This command configures the appropriate flag field in the Information OAM PDU, bursting three consecutive packets during the off cycle. If the local port state is operational, this command changes the local port state to "Link Up”. If the local port state is not operational, this configuration is installed as an EFM reason to prevent the port from returning to an operationally up state. This command can be used as a precursor to a port shutdown. This terminates the peering relationship without waiting for protocol timeouts, assuming the peer supports the necessary action when it receives the dying gasp or critical event flag setting.

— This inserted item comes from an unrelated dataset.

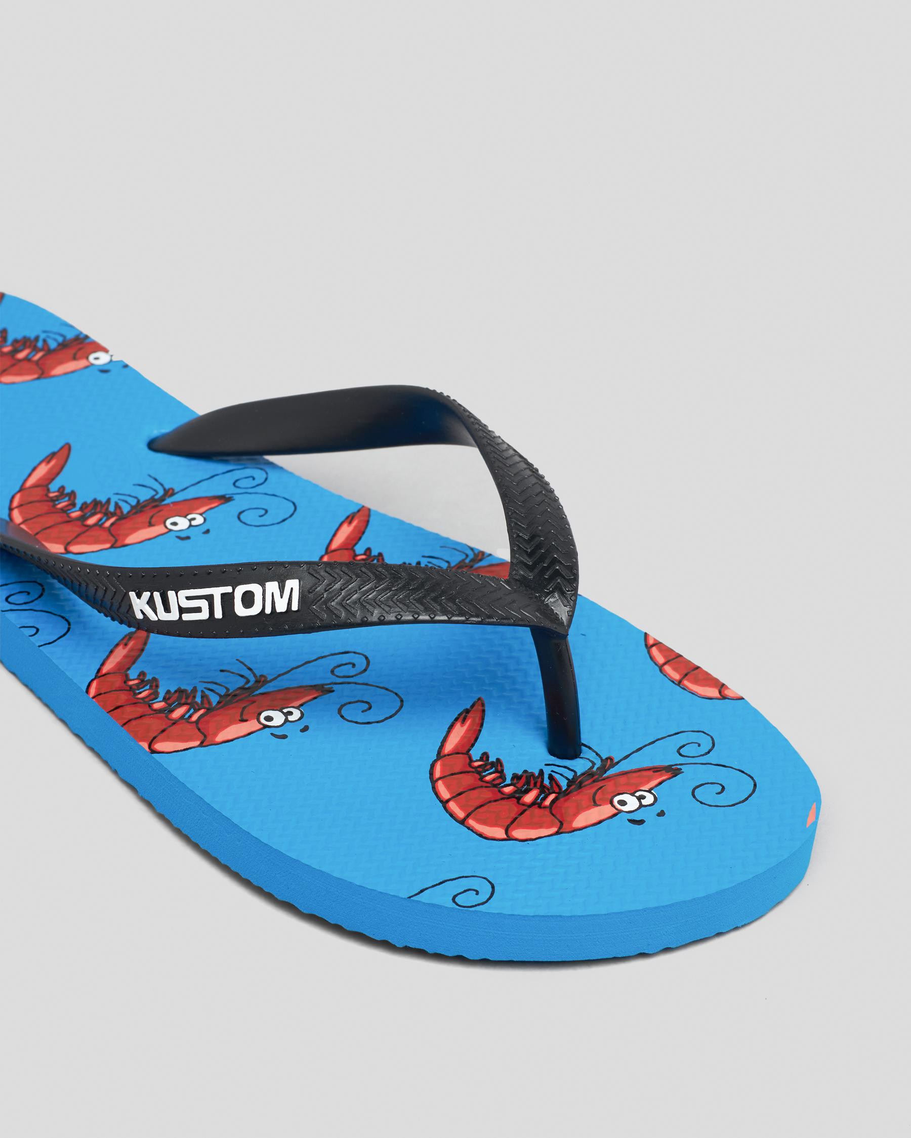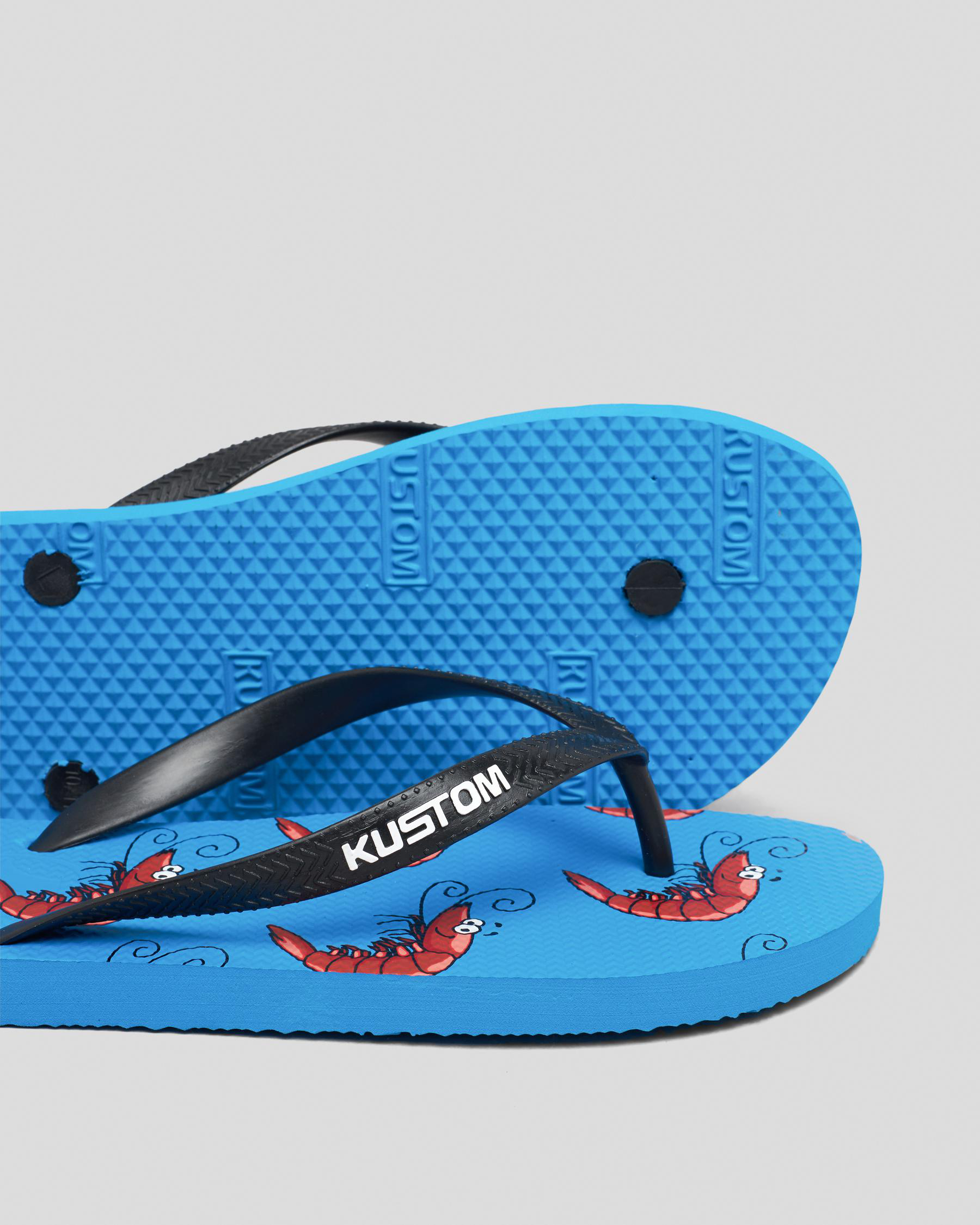 Shop Kustom Blend Base Shrimply The Best Thongs in Blue for a pop of color and ultimate comfort for sunny days by the beach​.

The no form of this command disables this functionality.

Default

no trigger-fault

Parameters

dying-gasp

Keyword to set the dying gasp flag.

critical-event

Keyword to set the critical event flag.

Platforms

7705 SAR Gen 2

Context

[Tree] (config>router triggered-policy)

Full Context

configure router triggered-policy

Description

This command triggers route policy re-evaluation.

By default, when a change is made to a policy in the config router policy options context and then committed, the change is effective immediately. There may be circumstances when the changes should or must be delayed; for example, if a policy change is implemented that would affect every BGP peer on a router, the consequences could be dramatic. It is more effective to control changes on a peer by peer basis.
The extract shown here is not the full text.